Source information:
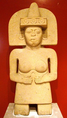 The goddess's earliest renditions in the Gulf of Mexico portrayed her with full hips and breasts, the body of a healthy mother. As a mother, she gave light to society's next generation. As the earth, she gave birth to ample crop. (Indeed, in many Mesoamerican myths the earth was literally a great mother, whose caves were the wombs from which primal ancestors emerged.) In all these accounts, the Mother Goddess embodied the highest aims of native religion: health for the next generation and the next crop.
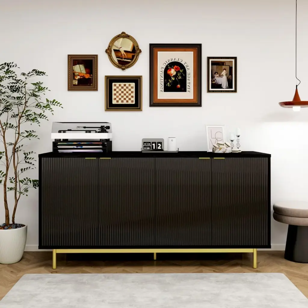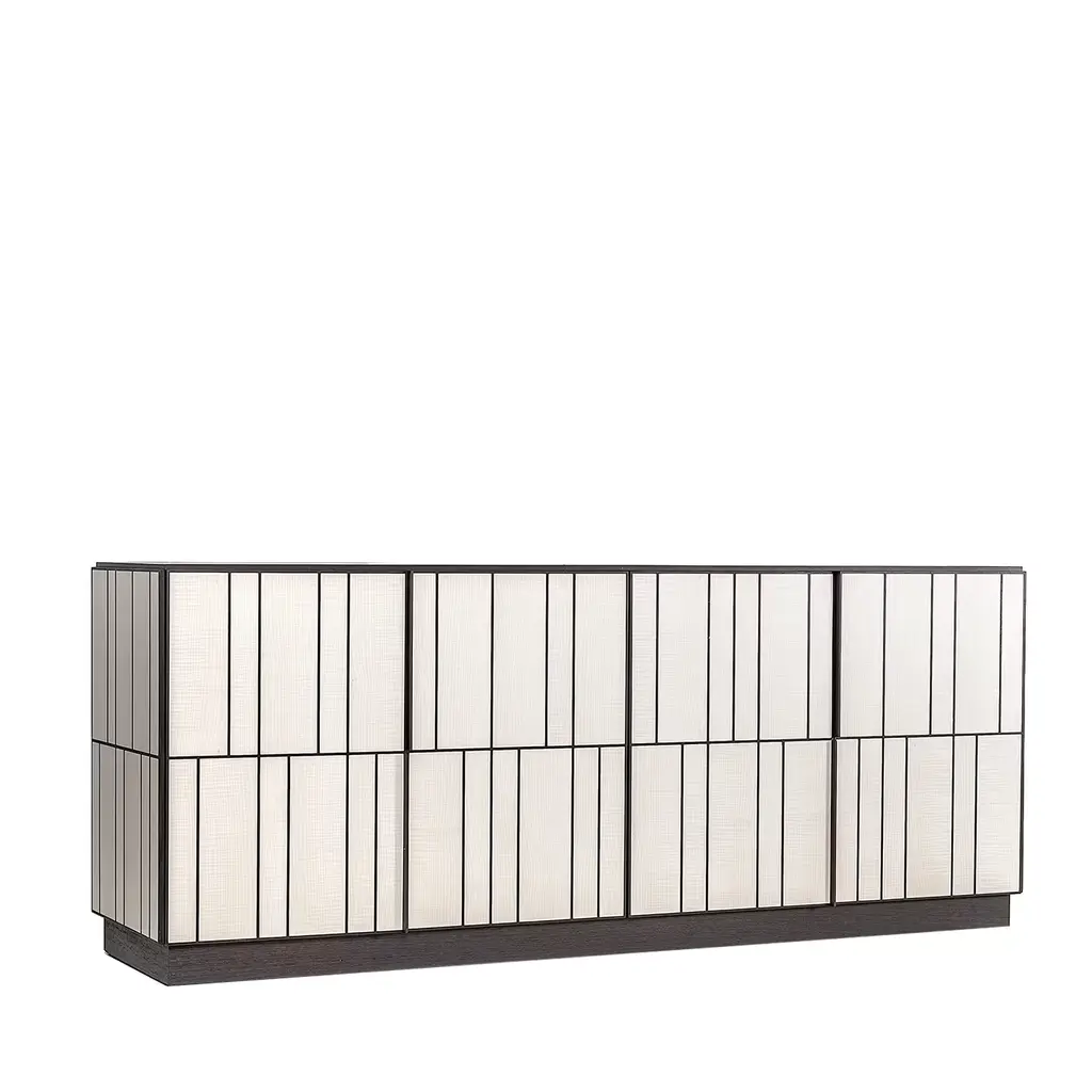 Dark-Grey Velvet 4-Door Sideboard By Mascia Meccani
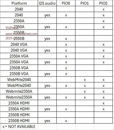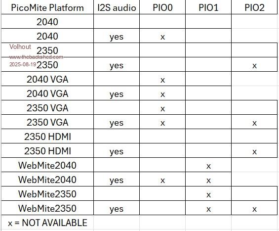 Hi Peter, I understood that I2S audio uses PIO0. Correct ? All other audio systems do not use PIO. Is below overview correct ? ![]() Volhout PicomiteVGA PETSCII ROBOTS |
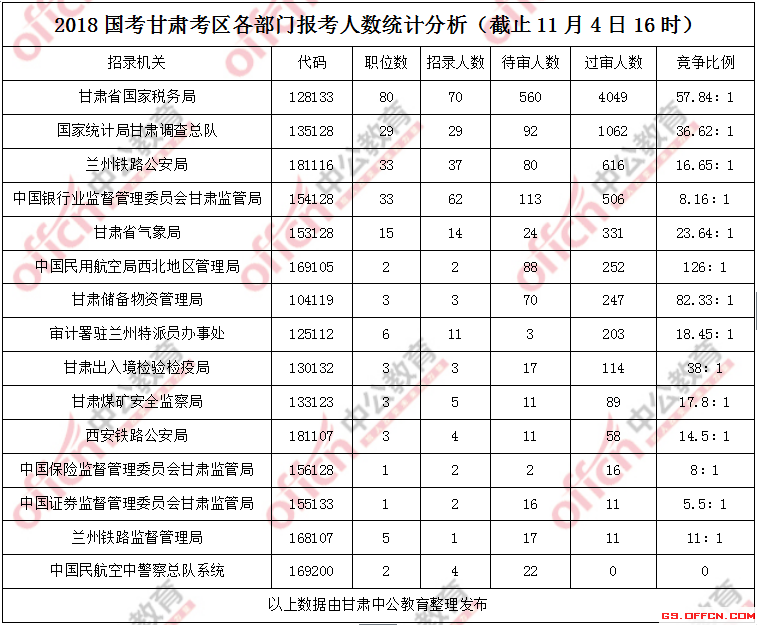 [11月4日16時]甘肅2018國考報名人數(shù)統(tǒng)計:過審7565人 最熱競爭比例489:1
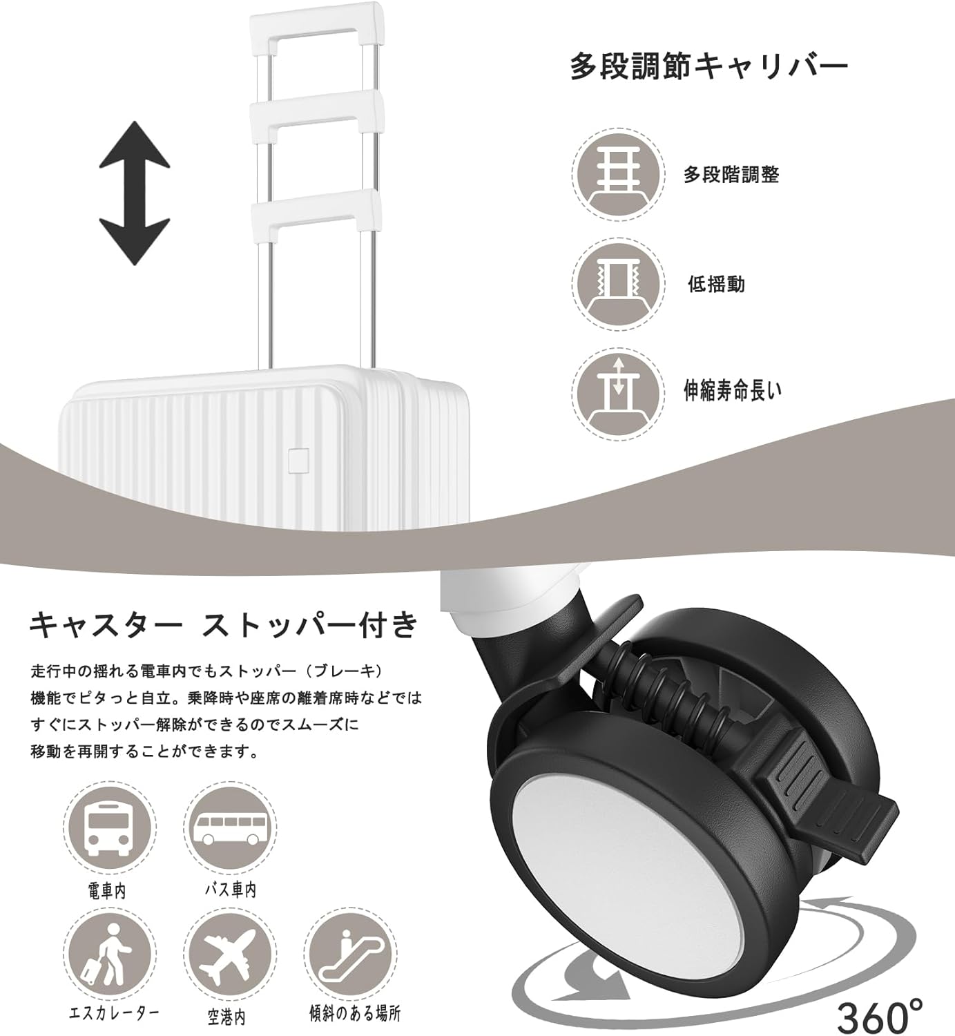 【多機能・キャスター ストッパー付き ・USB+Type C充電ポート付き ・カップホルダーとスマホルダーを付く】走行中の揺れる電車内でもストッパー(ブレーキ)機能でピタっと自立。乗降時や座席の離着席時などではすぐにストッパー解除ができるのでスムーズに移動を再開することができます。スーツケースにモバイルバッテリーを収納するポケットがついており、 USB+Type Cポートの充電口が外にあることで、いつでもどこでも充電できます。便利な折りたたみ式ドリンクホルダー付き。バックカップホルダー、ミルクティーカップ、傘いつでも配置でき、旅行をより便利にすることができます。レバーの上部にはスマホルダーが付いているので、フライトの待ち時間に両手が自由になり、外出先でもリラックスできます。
==
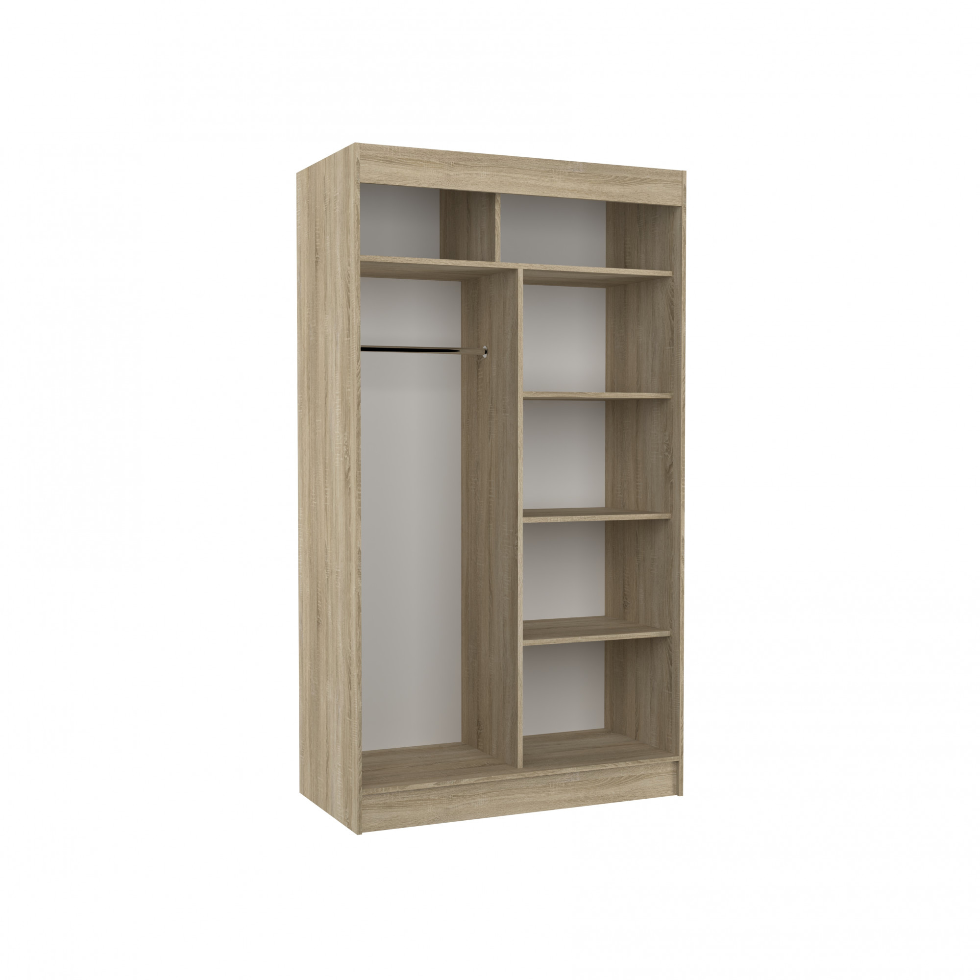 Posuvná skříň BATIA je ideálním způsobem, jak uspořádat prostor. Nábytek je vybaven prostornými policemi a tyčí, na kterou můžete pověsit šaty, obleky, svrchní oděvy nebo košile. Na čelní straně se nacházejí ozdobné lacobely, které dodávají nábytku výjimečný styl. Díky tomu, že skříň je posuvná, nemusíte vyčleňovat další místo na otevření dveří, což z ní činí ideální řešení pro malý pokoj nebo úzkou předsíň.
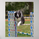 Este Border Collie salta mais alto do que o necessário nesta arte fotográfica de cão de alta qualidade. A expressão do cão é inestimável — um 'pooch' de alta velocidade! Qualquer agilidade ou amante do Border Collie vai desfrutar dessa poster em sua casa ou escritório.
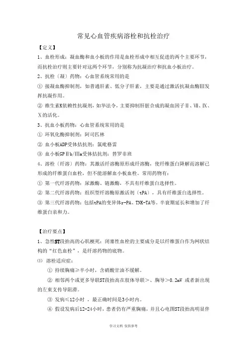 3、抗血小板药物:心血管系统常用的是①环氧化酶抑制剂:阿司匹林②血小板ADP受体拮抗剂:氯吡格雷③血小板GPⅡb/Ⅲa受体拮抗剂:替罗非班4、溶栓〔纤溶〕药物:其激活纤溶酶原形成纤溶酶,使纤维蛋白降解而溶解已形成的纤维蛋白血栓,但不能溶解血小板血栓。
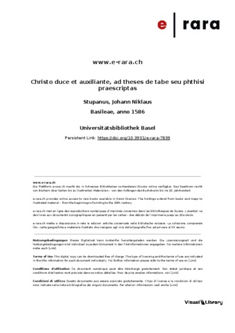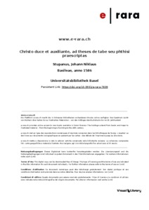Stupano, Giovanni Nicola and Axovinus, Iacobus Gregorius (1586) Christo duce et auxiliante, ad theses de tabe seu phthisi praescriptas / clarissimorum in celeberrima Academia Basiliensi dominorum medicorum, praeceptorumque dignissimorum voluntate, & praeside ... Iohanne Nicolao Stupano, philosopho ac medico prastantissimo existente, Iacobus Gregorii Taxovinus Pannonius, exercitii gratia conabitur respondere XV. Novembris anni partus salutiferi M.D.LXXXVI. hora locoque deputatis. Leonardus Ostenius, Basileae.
...
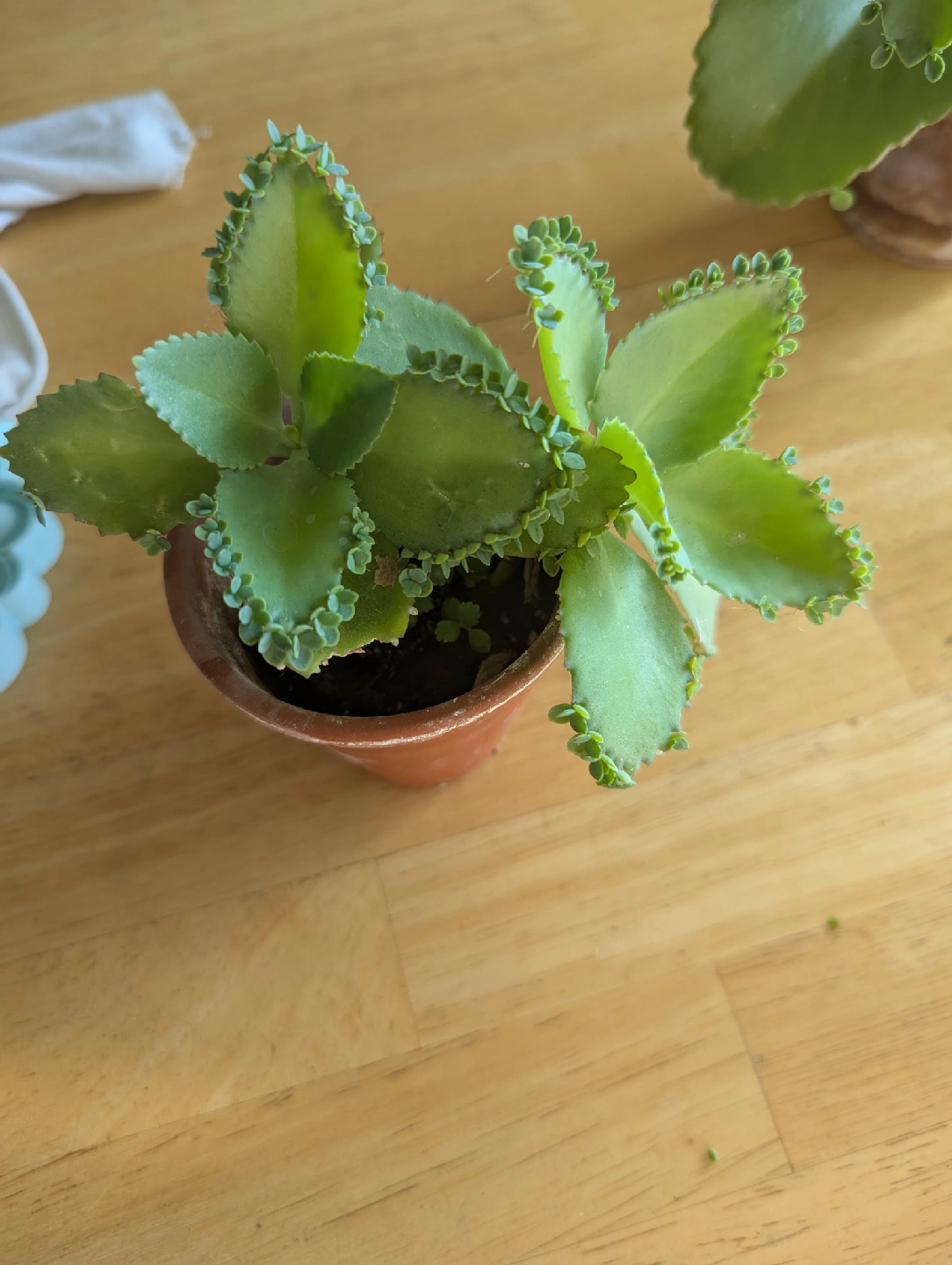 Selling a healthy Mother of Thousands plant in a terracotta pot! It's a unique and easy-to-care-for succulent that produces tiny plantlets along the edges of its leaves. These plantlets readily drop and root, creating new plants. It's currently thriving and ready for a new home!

Exercise aim:
Your answer must be the lines above from the one holding "[11月4日16時]甘肅20" up to and including the one holding "ストッパー付き ・USB+Type C充電ポート付き", exact and with no pictures.

Result:
 [11月4日16時]甘肅2018國考報名人數(shù)統(tǒng)計:過審7565人 最熱競爭比例489:1
 【多機能・キャスター ストッパー付き ・USB+Type C充電ポート付き ・カップホルダーとスマホルダーを付く】走行中の揺れる電車内でもストッパー(ブレーキ)機能でピタっと自立。乗降時や座席の離着席時などではすぐにストッパー解除ができるのでスムーズに移動を再開することができます。スーツケースにモバイルバッテリーを収納するポケットがついており、 USB+Type Cポートの充電口が外にあることで、いつでもどこでも充電できます。便利な折りたたみ式ドリンクホルダー付き。バックカップホルダー、ミルクティーカップ、傘いつでも配置でき、旅行をより便利にすることができます。レバーの上部にはスマホルダーが付いているので、フライトの待ち時間に両手が自由になり、外出先でもリラックスできます。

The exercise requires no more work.